Architecture diagram showing the proxy setup between OpenWebUI and local LLM

Step 1: Create a Helicone Account and Generate an API Key

Sign up for a Helicone account
Navigate to the API Keys section in your Helicone dashboard settings
Generate a new API key for your Open WebUI integration

Helicone API Key Generation Interface

Step 2: Set up a proxy server to log the local LLM requests to Helicone

Since Open WebUI doesn't directly support custom Helicone headers, we'll need to set up a JavaScript layer to handle this integration. This allows us to monitor Llama requests made through Open WebUI.

Beyond Open WebUI 👀

We will use Open WebUI as our interface to the local LLM, but you can use any other interface to make LLM requests - as long as you use the proxy server's domain as your base URL like we do below.

Run your Llama server locally

First, let's get your local model runner - in this case, Ollama - set up locally.

Then, in your terminal, run the following command to start running your Llama model locally.

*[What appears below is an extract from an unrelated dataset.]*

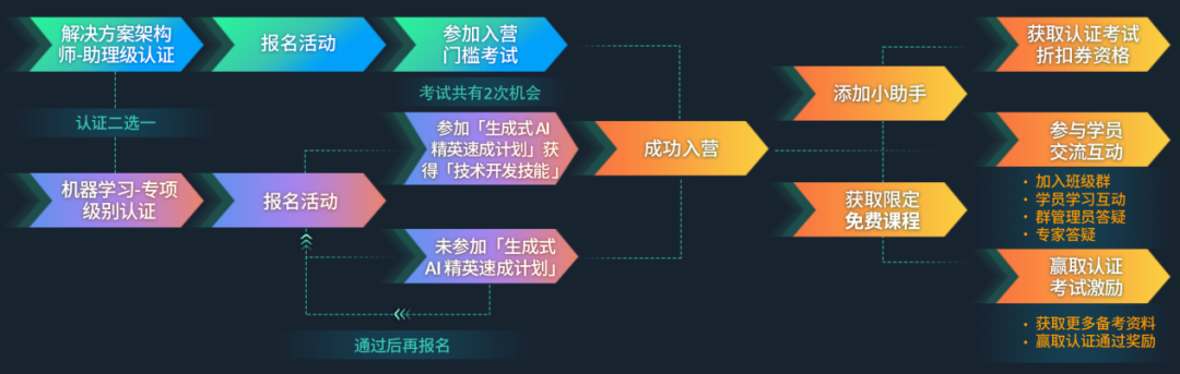 报名过审后即可成功入营,学课完成后将有机会领取认证考试券,共 150 张考试券先到先得

export OLLAMA_HOST=0.0.0.0 && ollama serve

Build the Helicone proxy server

Let's create a Node.js proxy server that will sit between Open WebUI and your AI implementation. This proxy forms the backbone of your local LLM monitoring solution, logging all requests to Helicone for analysis.

— You can find a finished version of the codebase here. Feel free to clone it locally and skip to the last step of this section.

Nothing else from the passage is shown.